Nina Cipriani, Editor in Chief

Must read alert: the play that halts traffic

Although the book is unfamiliar to some, it should be known by all. The play “A Streetcar Named Desire” by Tennessee Williams, based in 1947, discusses the controversial topics of poverty and racism during the time.

Blanche DuBois, the main character and protagonist—a schoolteacher from Laurel, Mississippi—visits her sister, Stella Kowalski, at her New Orleans apartment. Although Blanche has fallen out of contact with Stella, she intends to stay at Stella’s apartment for an unspecified but likely lengthy period of time, given the large number of things she has brought with her. Blanche tells Stella that she lost Belle Reve, their ancestral home, following the death of all their remaining relatives. She also tells Stella that she is on a leave of absence from her teaching position because of her bad nerves.

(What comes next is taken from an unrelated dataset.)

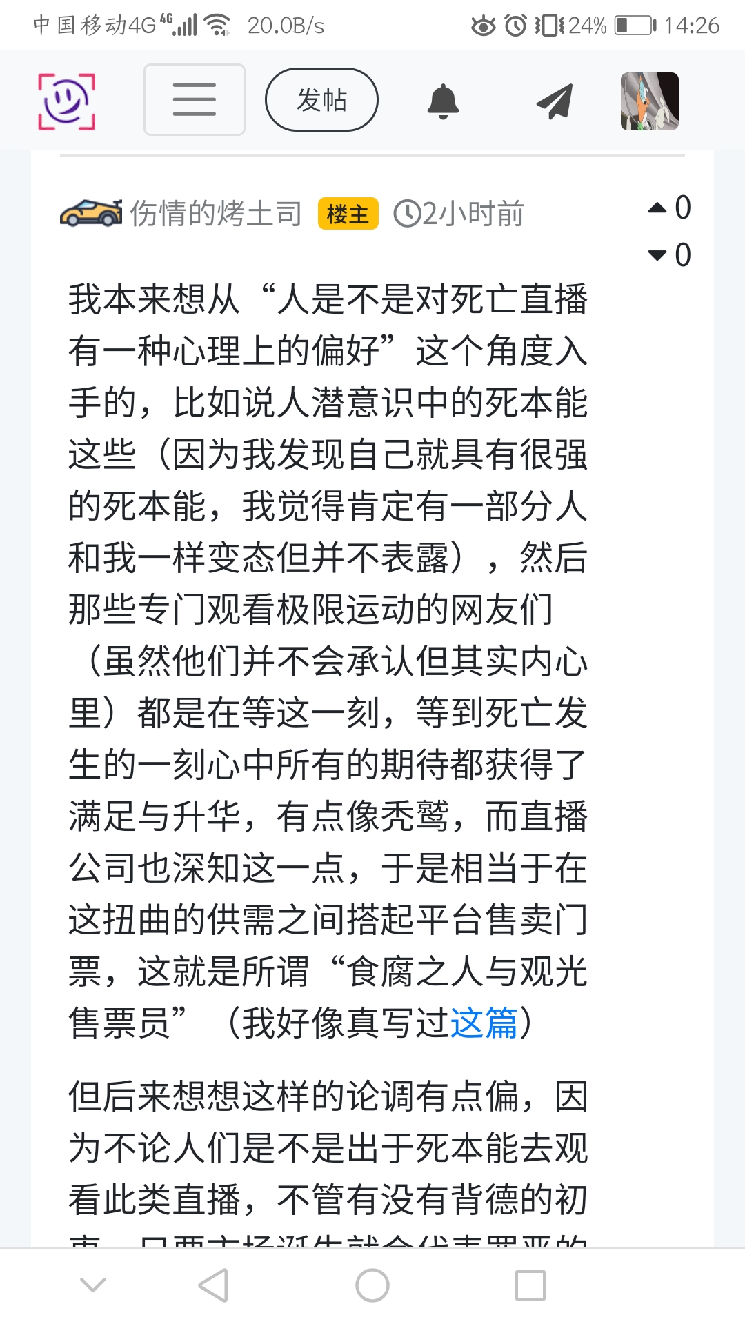 我本来想从“人是不是对死亡直播有一种心理上的偏好”这个角度入手的,比如说人潜意识中的死本能这些(因为我发现自己就具有很强的死本能,我觉得肯定有一部分人和我一样变态但并不表露),然后那些专门观看极限运动的网友们(虽然他们并不会承认但其实内心里)都是在等这一刻,等到死亡发生的一刻心中所有的期待都获得了满足与升华,有点像秃鹫,而直播公司也深知这一点,于是相当于在这扭曲的供需之间搭起平台售卖门票,这就是所谓“食腐之人与观光售票员”(我好像真写过这篇)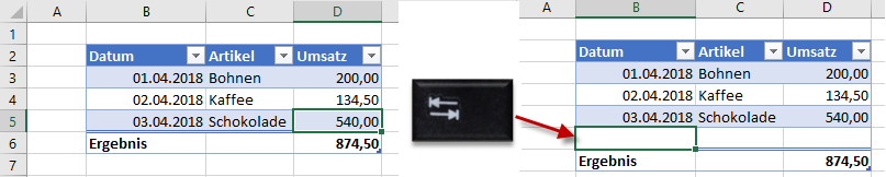 Mit dieser Taste erstellt man am schnellsten eine neue Zeile in einer Tabelle, auch wenn sie eine Ergebniszeile hat.

Although Blanche seems to not even have enough money to afford a hotel room, she is still complaining about the cramped quarters of the Kowalski’s apartment. Stella’s husband, Stanley, almost instantaneously dislikes Blanche because of her social condescension. Stanley immediately doesn’t trust Blanche and accuses her of cheating Stella out of her share of family inheritance. Blanche gets under Stanley’s skin, especially when Blanche grows affectionate to Stanley’s close friend Mitch, creating conflict between all three characters.

Because this book is a play and not just a novel, it is easier to read when listening to an audiobook along with it. This makes it easier to understand not only the plot line but also to understand what the author of the play was going for with his stage directions.

The play is filled with action and drama to grab and keep the reader’s attention throughout the book. Williams does a great job developing the characters throughout the book so not only are they relatable, but they are also intriguing to read about.

This book would be great to read in Readers Workshop but also just in one’s freetime. It is an easy read and easy to follow, and it keeps the readers on the edge of their seats.